- RECORDS SHOWN -
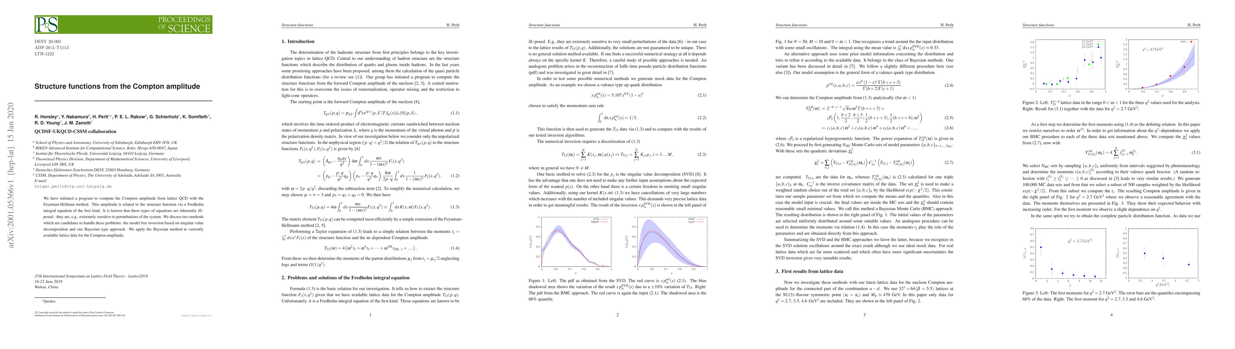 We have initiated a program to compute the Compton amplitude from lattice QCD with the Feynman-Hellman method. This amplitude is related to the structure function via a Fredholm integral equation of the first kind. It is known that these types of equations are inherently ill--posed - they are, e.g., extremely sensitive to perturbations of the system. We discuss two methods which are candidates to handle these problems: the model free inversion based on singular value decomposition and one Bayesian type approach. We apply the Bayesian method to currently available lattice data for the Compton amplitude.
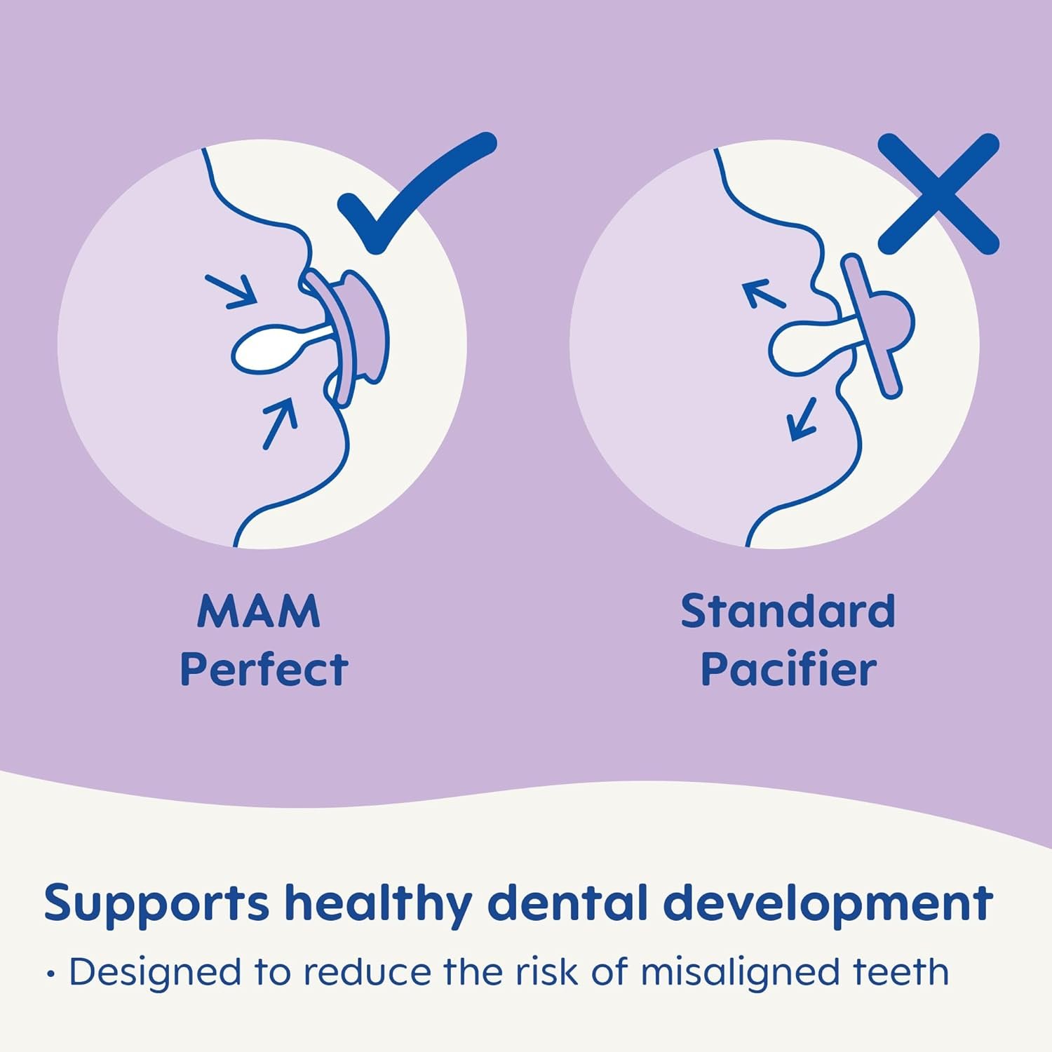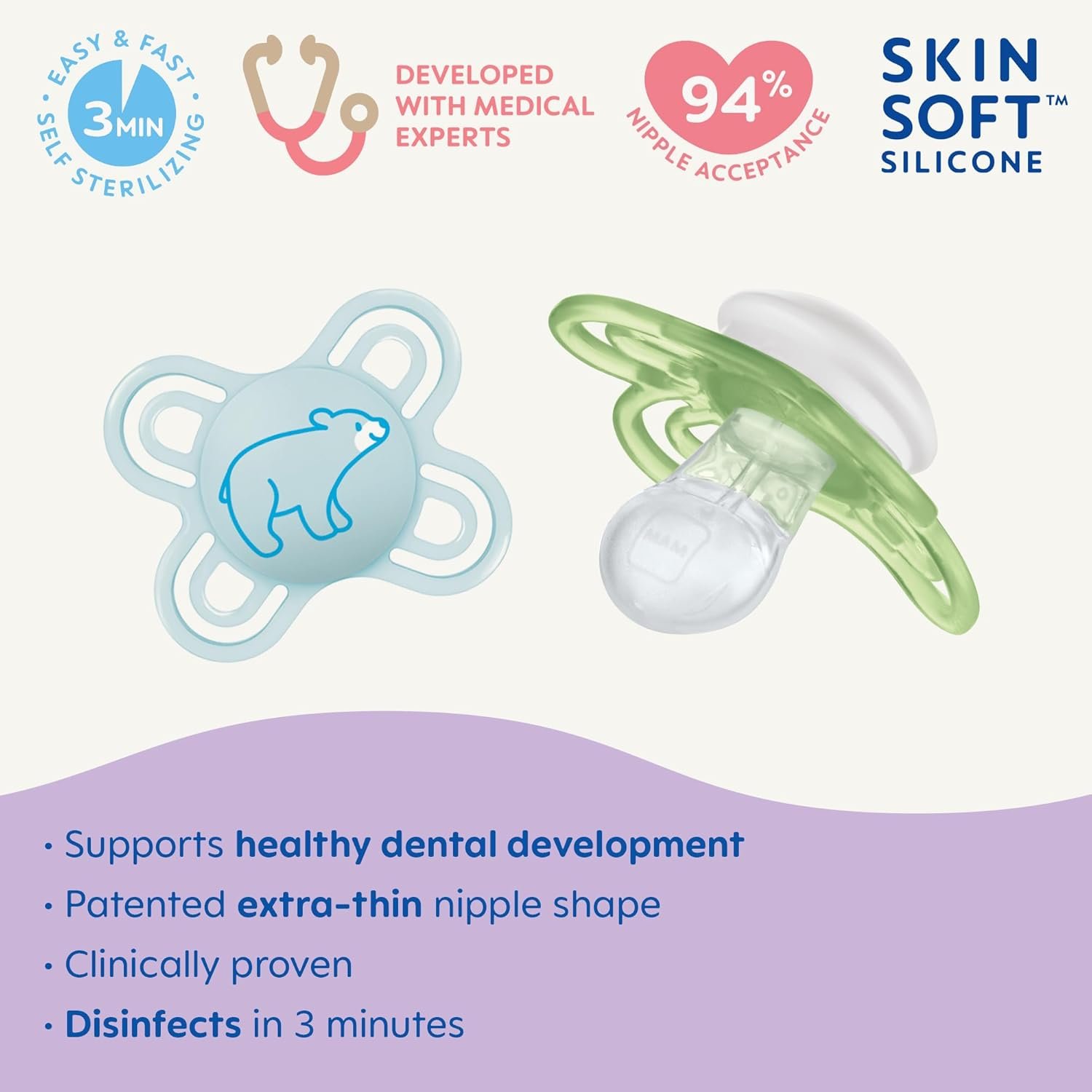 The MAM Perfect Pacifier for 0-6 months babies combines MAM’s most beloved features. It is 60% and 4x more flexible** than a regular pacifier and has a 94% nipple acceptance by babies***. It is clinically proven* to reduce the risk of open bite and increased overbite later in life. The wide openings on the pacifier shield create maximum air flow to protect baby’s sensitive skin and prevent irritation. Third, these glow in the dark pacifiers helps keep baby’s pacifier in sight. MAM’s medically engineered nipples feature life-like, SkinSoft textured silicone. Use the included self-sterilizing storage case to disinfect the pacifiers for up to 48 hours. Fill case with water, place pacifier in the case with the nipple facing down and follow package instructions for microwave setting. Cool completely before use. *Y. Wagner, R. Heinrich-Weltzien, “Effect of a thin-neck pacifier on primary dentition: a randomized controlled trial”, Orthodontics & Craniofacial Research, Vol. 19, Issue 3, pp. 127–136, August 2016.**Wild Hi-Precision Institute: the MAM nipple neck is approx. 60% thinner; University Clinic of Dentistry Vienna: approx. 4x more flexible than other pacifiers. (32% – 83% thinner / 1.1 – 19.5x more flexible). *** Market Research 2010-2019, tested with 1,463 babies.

...

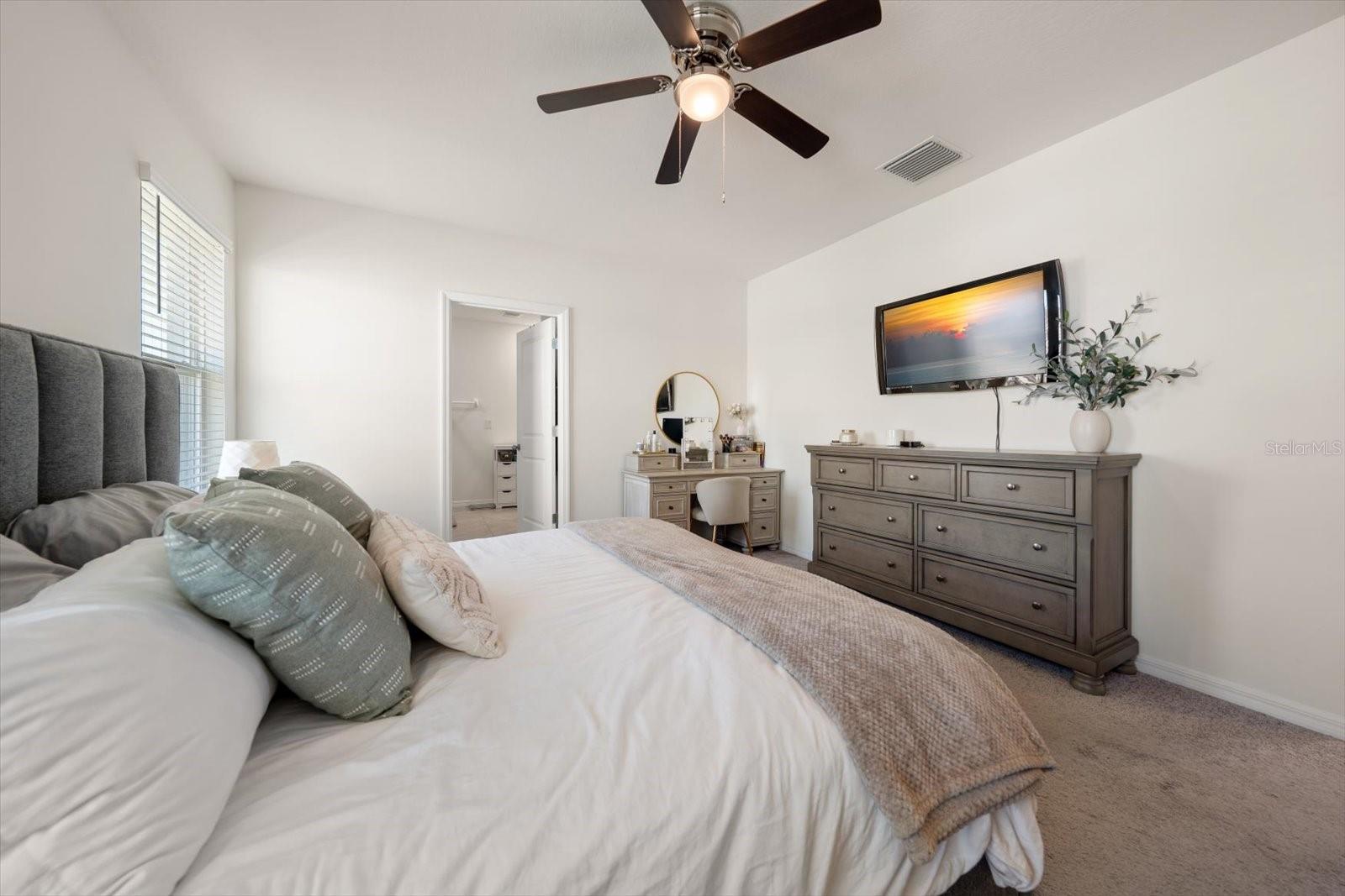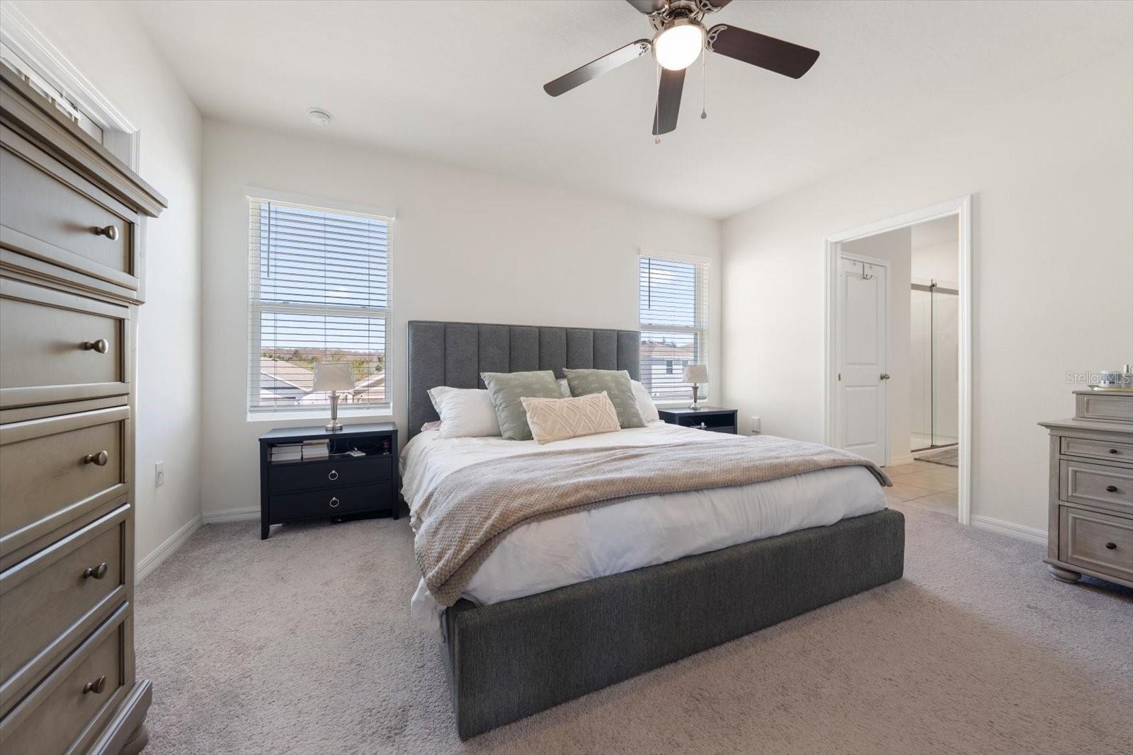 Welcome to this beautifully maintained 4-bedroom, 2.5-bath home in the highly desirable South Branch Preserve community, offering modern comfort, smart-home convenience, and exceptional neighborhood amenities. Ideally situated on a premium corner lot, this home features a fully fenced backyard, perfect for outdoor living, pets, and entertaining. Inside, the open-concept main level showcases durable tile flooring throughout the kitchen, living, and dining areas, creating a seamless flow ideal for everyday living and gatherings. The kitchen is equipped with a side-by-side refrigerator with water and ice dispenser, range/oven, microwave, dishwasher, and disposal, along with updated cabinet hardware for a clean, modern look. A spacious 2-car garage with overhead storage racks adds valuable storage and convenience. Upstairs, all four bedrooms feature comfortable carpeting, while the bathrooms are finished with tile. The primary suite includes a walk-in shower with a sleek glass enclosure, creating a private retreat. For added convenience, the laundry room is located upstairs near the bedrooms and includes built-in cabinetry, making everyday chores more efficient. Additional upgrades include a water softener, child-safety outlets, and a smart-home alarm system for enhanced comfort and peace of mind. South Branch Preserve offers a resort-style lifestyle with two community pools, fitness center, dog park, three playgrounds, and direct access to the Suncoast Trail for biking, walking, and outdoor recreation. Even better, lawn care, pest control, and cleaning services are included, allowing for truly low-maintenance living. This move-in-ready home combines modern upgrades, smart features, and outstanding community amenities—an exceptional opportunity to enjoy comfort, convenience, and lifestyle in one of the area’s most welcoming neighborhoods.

- TASK INSTRUCTIONS -
Leaving out each picture, repeat exactly the lines above from the one that contains "We have initiated" through the one that contains "The MAM Perfect".

- ANSWER SECTION -
 We have initiated a program to compute the Compton amplitude from lattice QCD with the Feynman-Hellman method. This amplitude is related to the structure function via a Fredholm integral equation of the first kind. It is known that these types of equations are inherently ill--posed - they are, e.g., extremely sensitive to perturbations of the system. We discuss two methods which are candidates to handle these problems: the model free inversion based on singular value decomposition and one Bayesian type approach. We apply the Bayesian method to currently available lattice data for the Compton amplitude.
 The MAM Perfect Pacifier for 0-6 months babies combines MAM’s most beloved features. It is 60% and 4x more flexible** than a regular pacifier and has a 94% nipple acceptance by babies***. It is clinically proven* to reduce the risk of open bite and increased overbite later in life. The wide openings on the pacifier shield create maximum air flow to protect baby’s sensitive skin and prevent irritation. Third, these glow in the dark pacifiers helps keep baby’s pacifier in sight. MAM’s medically engineered nipples feature life-like, SkinSoft textured silicone. Use the included self-sterilizing storage case to disinfect the pacifiers for up to 48 hours. Fill case with water, place pacifier in the case with the nipple facing down and follow package instructions for microwave setting. Cool completely before use. *Y. Wagner, R. Heinrich-Weltzien, “Effect of a thin-neck pacifier on primary dentition: a randomized controlled trial”, Orthodontics & Craniofacial Research, Vol. 19, Issue 3, pp. 127–136, August 2016.**Wild Hi-Precision Institute: the MAM nipple neck is approx. 60% thinner; University Clinic of Dentistry Vienna: approx. 4x more flexible than other pacifiers. (32% – 83% thinner / 1.1 – 19.5x more flexible). *** Market Research 2010-2019, tested with 1,463 babies.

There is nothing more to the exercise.